Ma Ke-tao, Li Li, Guan Bing-cai, Li Xin-zhi, Zhu He, Zhao Lei, Si Jun-qiang
School of Medicine, Shihezi University, Shihezi, China.
Zhonghua Yi Xue Za Zhi. 2011 Dec 13;91(46):3289-92.
To observe the effects of acute hypoxia on the electrophysiological properties of vascular smooth muscle cells (VSMCs) of mesenteric artery in guinea pig.
A segment of mesenteric artery (MA) (outer diameter < 100 µm) of guinea pig was digested with collagenase A and its adventitial connective tissue cleaned subsequently with fine tweezers. Whole-cell patch clamp recordings were performed to study the effects of acute hypoxia on the whole-cell membrane current, resting membrane potential (RP), membrane input capacitance (C(input)), and membrane input resistance (R(input) or its reciprocal membrane input conductance G(input)) of VSMC embedded in arteriolar segment.
Acute hypoxia induced an outward current with an amplitude of (76 ± 23) pA at holding potential -40 mV and hyperpolarized VSMC from a RP of (-22.5 ± 1.2) mV to (-42.0 ± 2.8) mV (P < 0.01). Acute hypoxia increased the outward current of VSMC in a voltage-dependent manner. And this enhancement was more pronounced at potentials from 0 to +40 mV. The whole-cell membrane current of VSMC induced by step commands (0, +20 and +40 mV) increased from (140 ± 18) pA to (660 ± 124) pA (P < 0.01), (282 ± 23) pA to (1120 ± 186) pA (P < 0.01) and (423 ± 40) pA to (1800 ± 275) pA (P < 0.01) respectively. In the presence of 1 mmol/L tetraethylammonium (TEA, a large conductance Ca(2+)-activated K(+) channel blocker), the enhancement of VSMC membrane current by acute hypoxia was significantly reduced.
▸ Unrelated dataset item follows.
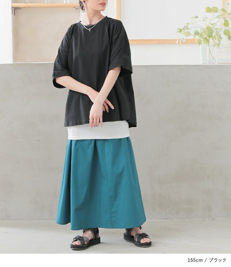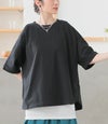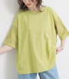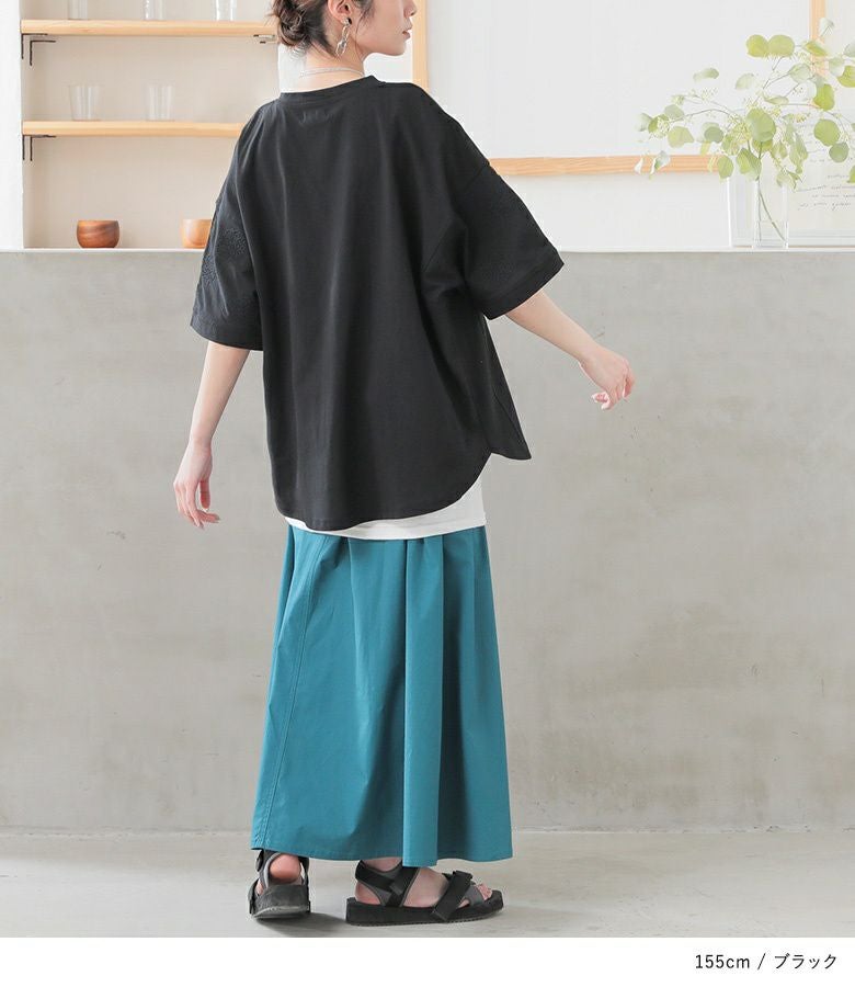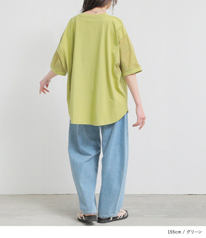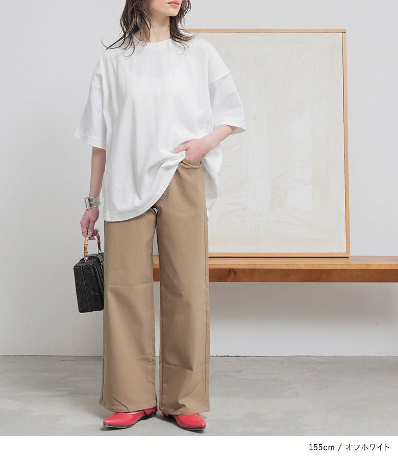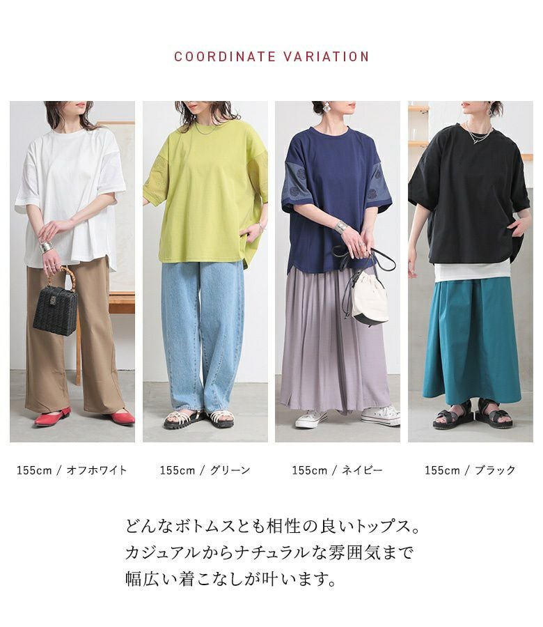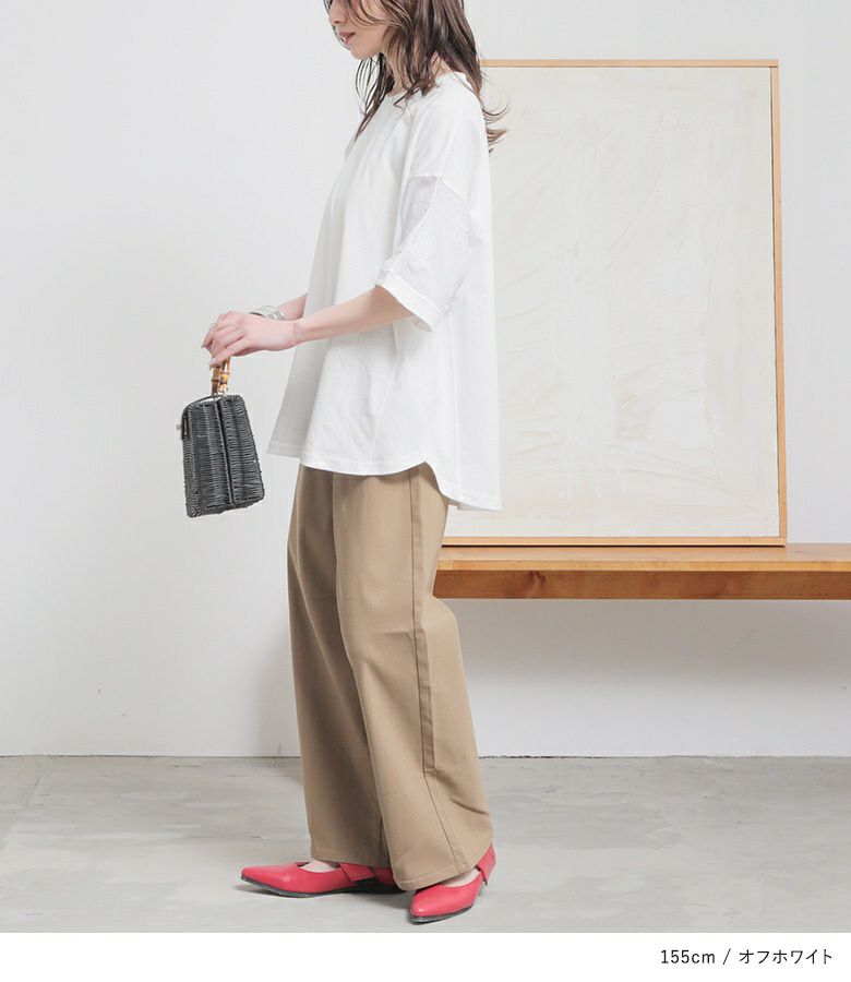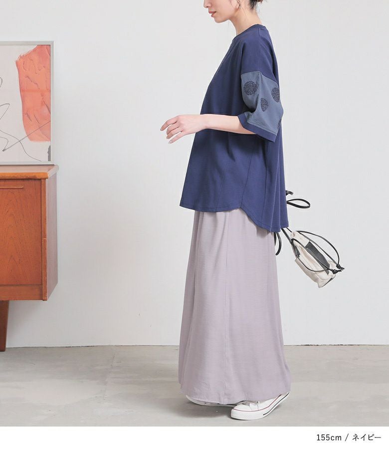 『袖ドット刺繍異素材切替Tシャツ』

Acute hypoxia increased the R(input) of VSMC in MA from (446 ± 55) MΩ to (2187 ± 290) MΩ (P < 0.01) and decreased the C(input) from (184.3 ± 75.0) pF to (17.6 ± 2.2) pF (P < 0.01). In the presence of 30 µmol/L 18β-glycyrrhetinic acid (18βGA, a gap junction blocker) and 10 mmol/L TEA, the effects of acute hypoxia on the membrane current of VSMCs were almost abolished.
Acute hypoxia causes vascular hyperpolarization and vasodilation by activating large conductance Ca(2+)-activated K(+) channels of VSMC and inhibits gap junctions between VSMCs so as to improve microcirculation and localize hypoxia-induced damage.
观察急性缺氧对豚鼠肠系膜动脉血管平滑肌细胞(VSMC)电生理特性的影响。
用胶原酶A消化豚鼠一段外径<100 µm的肠系膜动脉(MA),随后用精细镊子清理其外膜结缔组织。采用全细胞膜片钳记录技术,研究急性缺氧对嵌入小动脉段的VSMC全细胞膜电流、静息膜电位(RP)、膜输入电容(C(input))和膜输入电阻(R(input)或其倒数膜输入电导G(input))的影响。
急性缺氧在-40 mV的钳制电位下诱导出幅度为(76±23)pA的外向电流,并使VSMC的RP从(-22.5±1.2)mV超极化至(-42.0±2.8)mV(P<0.01)。急性缺氧以电压依赖性方式增加VSMC的外向电流。这种增强在0至+40 mV的电位下更为明显。由阶跃指令(0、+20和+40 mV)诱导的VSMC全细胞膜电流分别从(140±18)pA增加至(660±124)pA(P<0.01)、(282±23)pA增加至(1120±186)pA(P<0.01)和(423±40)pA增加至(1800±275)pA(P<0.01)。在1 mmol/L四乙铵(TEA,一种大电导钙激活钾通道阻滞剂)存在的情况下,急性缺氧对VSMC膜电流的增强作用显著降低。急性缺氧使MA中VSMC的R(input)从(446±55)MΩ增加至(2187±290)MΩ(P<0.01),并使C(input)从(184.3±75.0)pF降低至(17.6±2.2)pF(P<0.01)。在30 µmol/L 18β-甘草次酸(18βGA,一种缝隙连接阻滞剂)和10 mmol/L TEA存在的情况下,急性缺氧对VSMCs膜电流的影响几乎被消除。
急性缺氧通过激活VSMC的大电导钙激活钾通道导致血管超极化和血管舒张,并抑制VSMCs之间的缝隙连接,从而改善微循环并限制缺氧诱导的损伤。